= Brazilian Israelite Confederation =

The Brazilian Israelite Confederation (Confederação Israelita do Brasil or CONIB) is the central organization of the Brazilian Jewish community. The organization was established in 1948. It gathers 14 state federations with some 200 institutions, serving as the community's political representative. The political activities undertaken by CONIB are one of the few national coordination efforts by the organized Jewish community in Brazil.

==Activities==
CONIB represents the Jewish population of Brazil, which they estimate to be approximately 120,000. CONIB identifies as pro-Israel and Zionist. The organization sees its role to mediate between the Brazilian Jewish community (14 states have Jewish federations) and the executive, legislative and judiciary branches of power in Brazil. They also monitor antisemitism in Brazil.

In 2012, CONIB launched a national essay contest about Anne Frank.
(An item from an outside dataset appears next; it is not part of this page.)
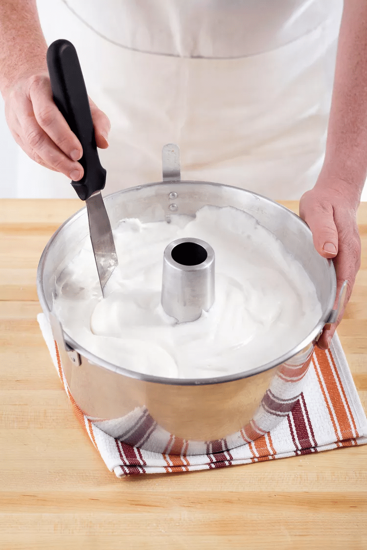 Pour obtenir une texture de gâteau fine et uniforme, éliminez les grosses bulles d’air en coupant délicatement la pâte à l’aide d’une fine spatule métallique après l’avoir versée dans un moule tubulaire non graissé (16 $, Bed Bath & Beyond). Mais si vous n’avez pas de moule tubulaire, pouvez-vous faire un gâteau des anges dans un moule à manqué ? On pourrait croire que les deux sont interchangeables, mais les détails complexes de la plupart des moules à pain font qu’il est très difficile de sortir un gâteau des anges du moule en un seul morceau. Les moules tubulaires ont un fond plat et des parois droites pour faciliter le démoulage du gâteau, et la pâte s’accroche aux parois et au tube central lorsque le gâteau cuit, ce qui l’aide à lever. Dans la mesure du possible, optez donc pour un moule à charnière.

In 2025, CONIB release a report about local antisemitism, which it regarded as “the most comprehensive ever produced in the country.” It includes 989 antisemitic incidents across Brazil, a 149 % increase compared with 2022. The highest number of incidents recorded was in the state of São Paulo. The report includes information about both in-person antisemitic incidents and attacks, and online antisemitic activity.

==Leadership==
Fernando Lottenberg served as the president of the Brazilian Israelite Confederation from 2014 to 2017. Claudio Lottenberg was elected president of CONIB in July 2022 and he is still serving in this role (as of 2026).